▸ **Task goal**: For this exercise, retype all the data exactly and exclude every image.

▸ **Supplied information**:
========
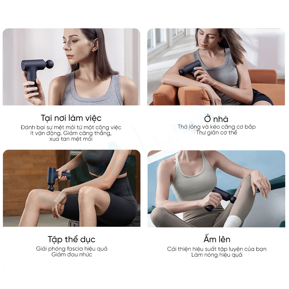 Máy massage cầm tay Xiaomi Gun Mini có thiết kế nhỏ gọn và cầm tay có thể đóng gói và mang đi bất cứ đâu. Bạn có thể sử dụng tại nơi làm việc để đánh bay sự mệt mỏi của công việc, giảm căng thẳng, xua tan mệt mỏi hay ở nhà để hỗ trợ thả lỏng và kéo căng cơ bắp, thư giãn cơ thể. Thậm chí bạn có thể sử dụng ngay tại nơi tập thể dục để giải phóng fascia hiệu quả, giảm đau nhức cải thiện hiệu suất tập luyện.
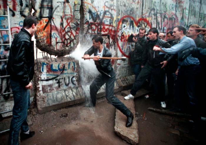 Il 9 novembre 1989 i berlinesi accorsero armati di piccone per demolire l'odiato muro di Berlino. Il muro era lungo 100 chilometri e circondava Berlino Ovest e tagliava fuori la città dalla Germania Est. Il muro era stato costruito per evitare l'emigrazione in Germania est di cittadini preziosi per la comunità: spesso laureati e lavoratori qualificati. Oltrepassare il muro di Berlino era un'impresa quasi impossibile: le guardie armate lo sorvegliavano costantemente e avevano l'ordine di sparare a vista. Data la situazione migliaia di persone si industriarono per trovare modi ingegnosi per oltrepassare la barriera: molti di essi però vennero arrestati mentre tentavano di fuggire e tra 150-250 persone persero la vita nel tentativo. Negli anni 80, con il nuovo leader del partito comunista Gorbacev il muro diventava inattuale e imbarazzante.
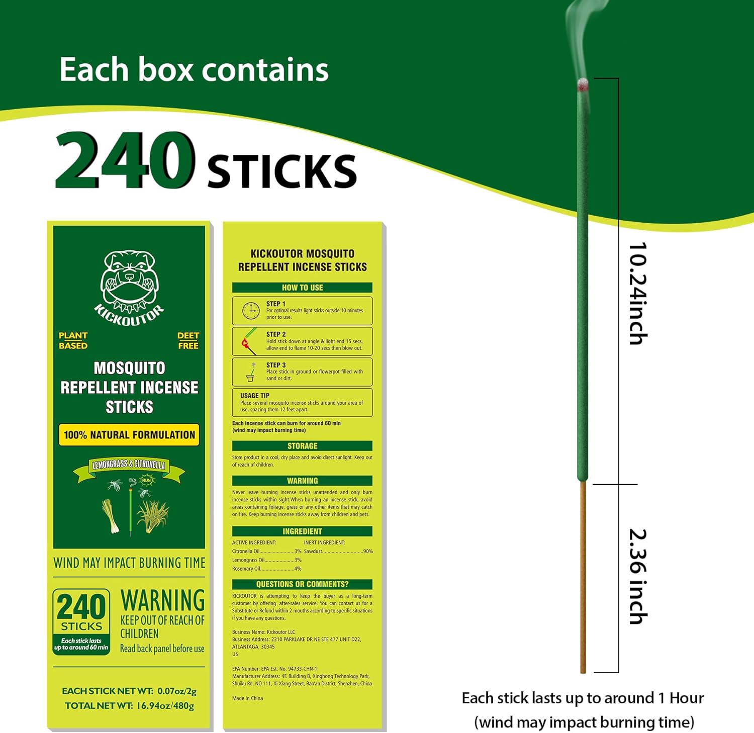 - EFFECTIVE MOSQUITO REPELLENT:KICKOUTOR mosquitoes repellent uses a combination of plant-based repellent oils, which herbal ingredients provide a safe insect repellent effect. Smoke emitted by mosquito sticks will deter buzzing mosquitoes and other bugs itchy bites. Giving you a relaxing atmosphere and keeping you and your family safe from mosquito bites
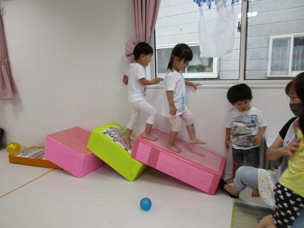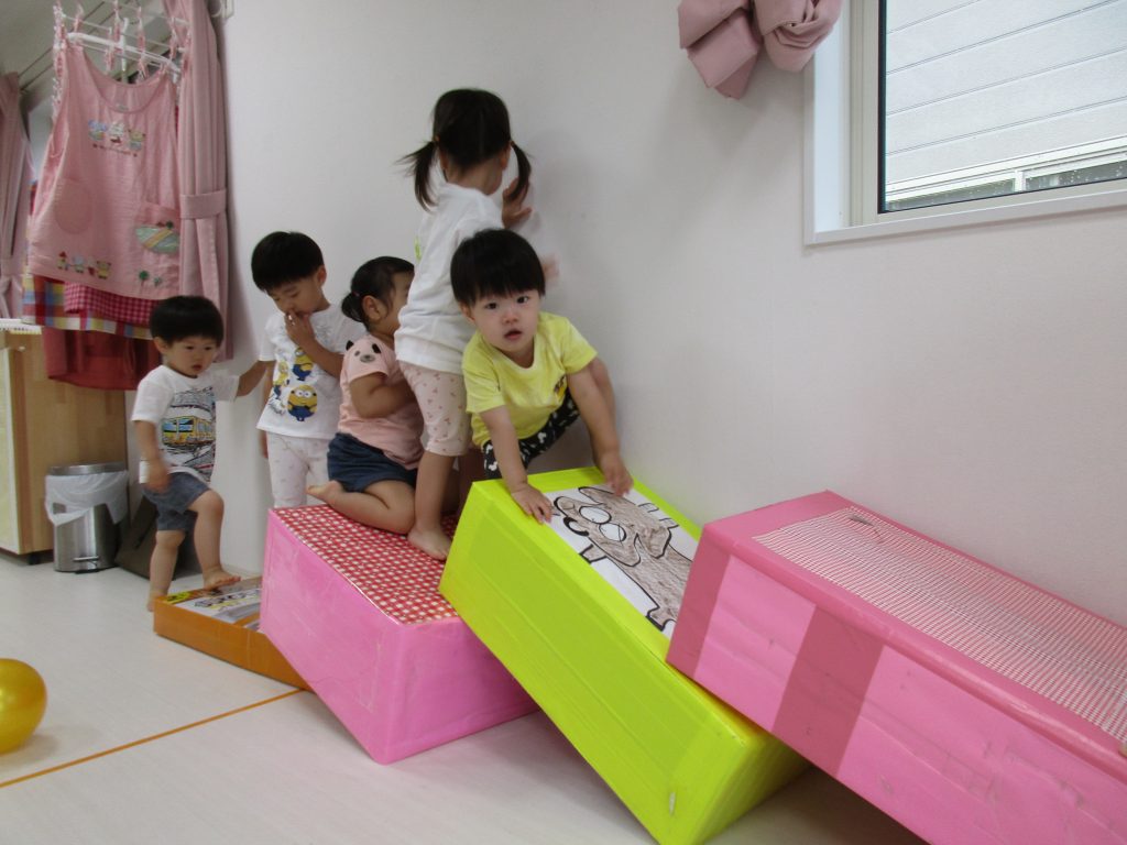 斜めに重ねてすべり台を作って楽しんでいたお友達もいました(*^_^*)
========
▸ **Exercise answer**:
 Máy massage cầm tay Xiaomi Gun Mini có thiết kế nhỏ gọn và cầm tay có thể đóng gói và mang đi bất cứ đâu. Bạn có thể sử dụng tại nơi làm việc để đánh bay sự mệt mỏi của công việc, giảm căng thẳng, xua tan mệt mỏi hay ở nhà để hỗ trợ thả lỏng và kéo căng cơ bắp, thư giãn cơ thể. Thậm chí bạn có thể sử dụng ngay tại nơi tập thể dục để giải phóng fascia hiệu quả, giảm đau nhức cải thiện hiệu suất tập luyện.
 Il 9 novembre 1989 i berlinesi accorsero armati di piccone per demolire l'odiato muro di Berlino. Il muro era lungo 100 chilometri e circondava Berlino Ovest e tagliava fuori la città dalla Germania Est. Il muro era stato costruito per evitare l'emigrazione in Germania est di cittadini preziosi per la comunità: spesso laureati e lavoratori qualificati. Oltrepassare il muro di Berlino era un'impresa quasi impossibile: le guardie armate lo sorvegliavano costantemente e avevano l'ordine di sparare a vista. Data la situazione migliaia di persone si industriarono per trovare modi ingegnosi per oltrepassare la barriera: molti di essi però vennero arrestati mentre tentavano di fuggire e tra 150-250 persone persero la vita nel tentativo. Negli anni 80, con il nuovo leader del partito comunista Gorbacev il muro diventava inattuale e imbarazzante.
 - EFFECTIVE MOSQUITO REPELLENT:KICKOUTOR mosquitoes repellent uses a combination of plant-based repellent oils, which herbal ingredients provide a safe insect repellent effect. Smoke emitted by mosquito sticks will deter buzzing mosquitoes and other bugs itchy bites. Giving you a relaxing atmosphere and keeping you and your family safe from mosquito bites
 斜めに重ねてすべり台を作って楽しんでいたお友達もいました(*^_^*)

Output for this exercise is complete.